**YOUR GOAL:** Please repeat the records exactly, keeping the pictures out.

Stored dataset items:
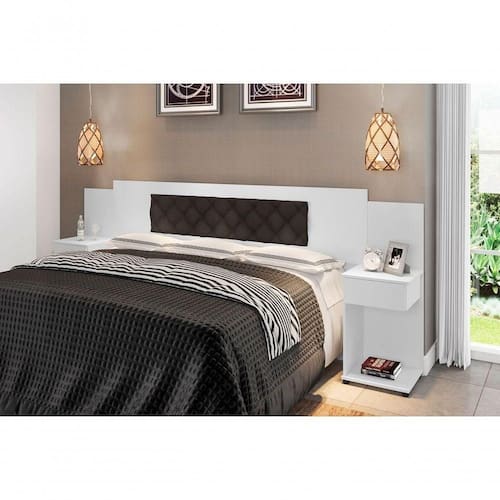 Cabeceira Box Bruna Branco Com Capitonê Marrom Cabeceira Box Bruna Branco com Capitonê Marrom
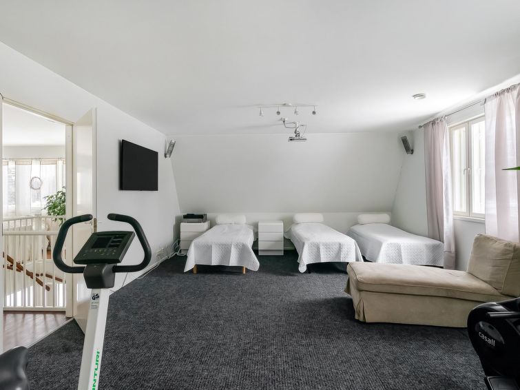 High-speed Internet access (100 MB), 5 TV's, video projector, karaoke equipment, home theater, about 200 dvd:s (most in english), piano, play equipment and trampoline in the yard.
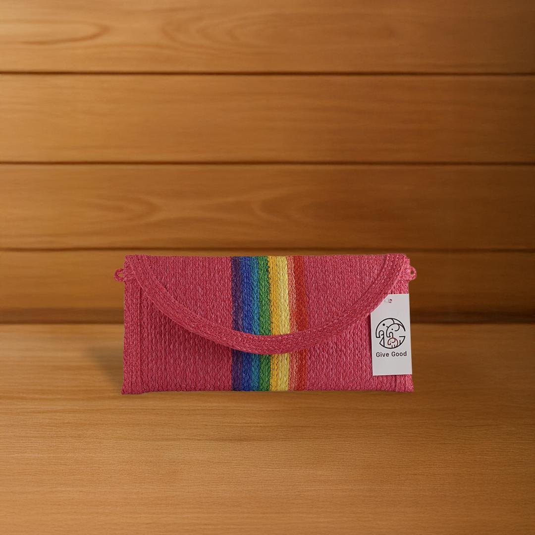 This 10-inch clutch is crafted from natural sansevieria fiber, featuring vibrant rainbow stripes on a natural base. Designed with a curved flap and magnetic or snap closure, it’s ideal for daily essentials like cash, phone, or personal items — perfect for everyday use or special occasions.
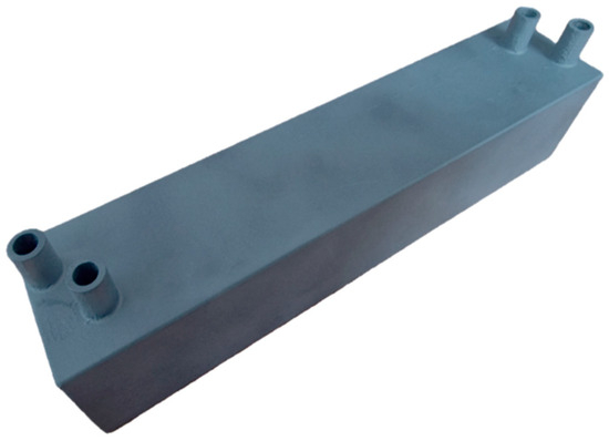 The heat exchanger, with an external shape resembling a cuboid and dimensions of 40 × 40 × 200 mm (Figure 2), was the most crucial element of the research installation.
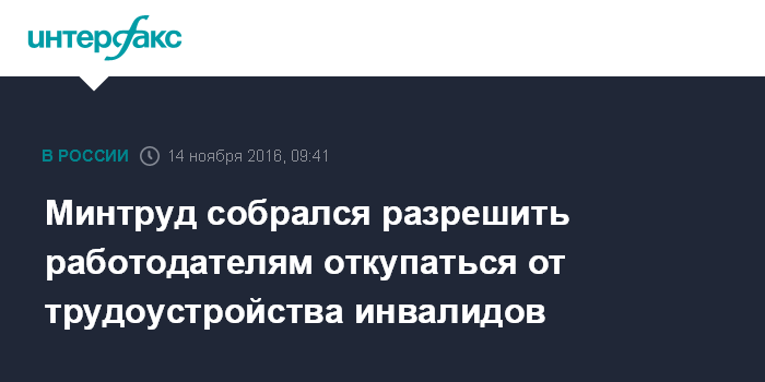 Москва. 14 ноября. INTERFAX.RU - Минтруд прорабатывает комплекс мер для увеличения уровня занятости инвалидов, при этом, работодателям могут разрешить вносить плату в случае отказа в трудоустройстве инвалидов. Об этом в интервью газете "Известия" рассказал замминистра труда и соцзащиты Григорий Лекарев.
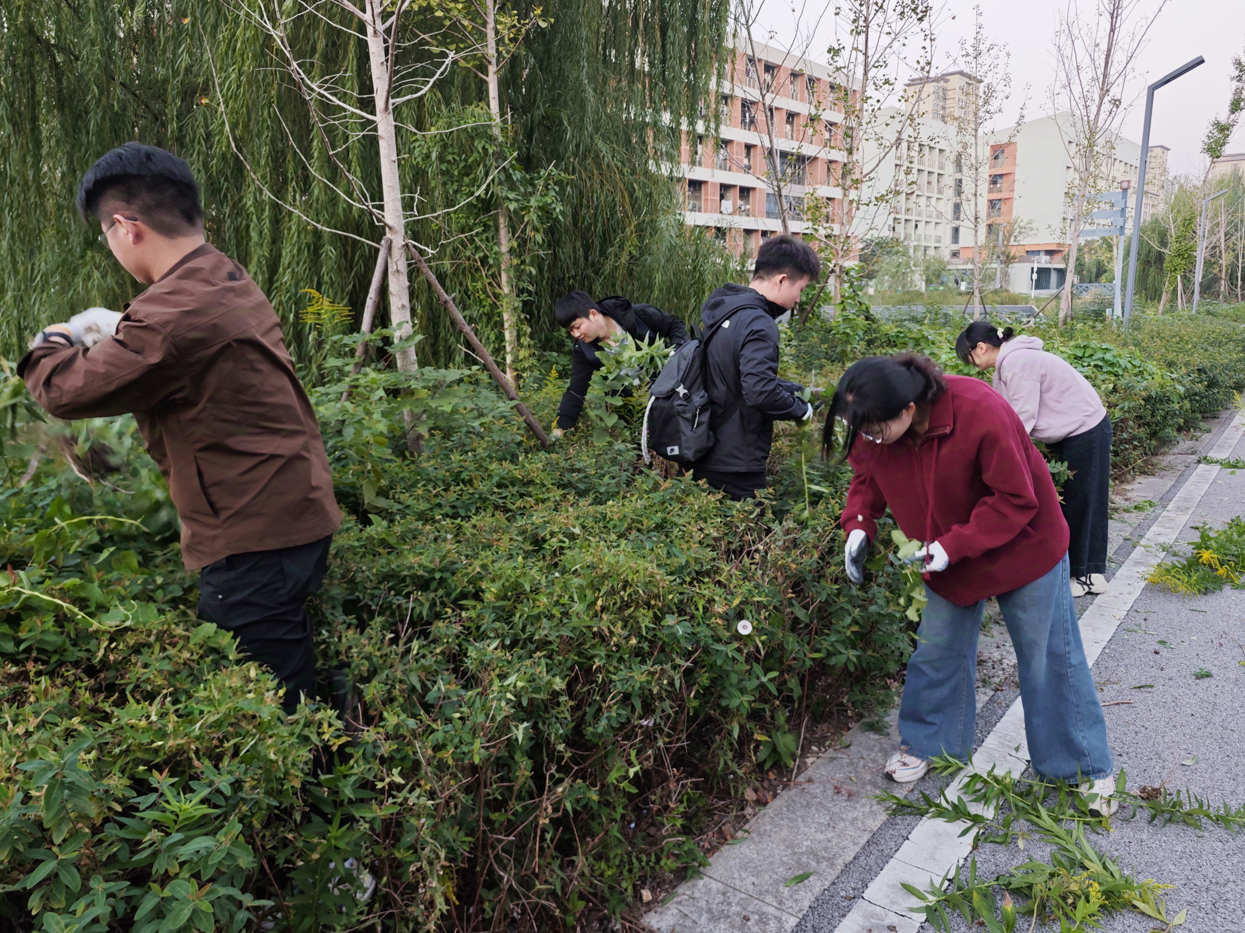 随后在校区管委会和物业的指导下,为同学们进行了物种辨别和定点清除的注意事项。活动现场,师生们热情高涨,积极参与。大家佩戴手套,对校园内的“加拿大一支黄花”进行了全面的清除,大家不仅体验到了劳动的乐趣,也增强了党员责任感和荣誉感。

**RESPONSE TO THIS EXERCISE:**
 Cabeceira Box Bruna Branco Com Capitonê Marrom Cabeceira Box Bruna Branco com Capitonê Marrom
 High-speed Internet access (100 MB), 5 TV's, video projector, karaoke equipment, home theater, about 200 dvd:s (most in english), piano, play equipment and trampoline in the yard.
 This 10-inch clutch is crafted from natural sansevieria fiber, featuring vibrant rainbow stripes on a natural base. Designed with a curved flap and magnetic or snap closure, it’s ideal for daily essentials like cash, phone, or personal items — perfect for everyday use or special occasions.
 The heat exchanger, with an external shape resembling a cuboid and dimensions of 40 × 40 × 200 mm (Figure 2), was the most crucial element of the research installation.
 Москва. 14 ноября. INTERFAX.RU - Минтруд прорабатывает комплекс мер для увеличения уровня занятости инвалидов, при этом, работодателям могут разрешить вносить плату в случае отказа в трудоустройстве инвалидов. Об этом в интервью газете "Известия" рассказал замминистра труда и соцзащиты Григорий Лекарев.
 随后在校区管委会和物业的指导下,为同学们进行了物种辨别和定点清除的注意事项。活动现场,师生们热情高涨,积极参与。大家佩戴手套,对校园内的“加拿大一支黄花”进行了全面的清除,大家不仅体验到了劳动的乐趣,也增强了党员责任感和荣誉感。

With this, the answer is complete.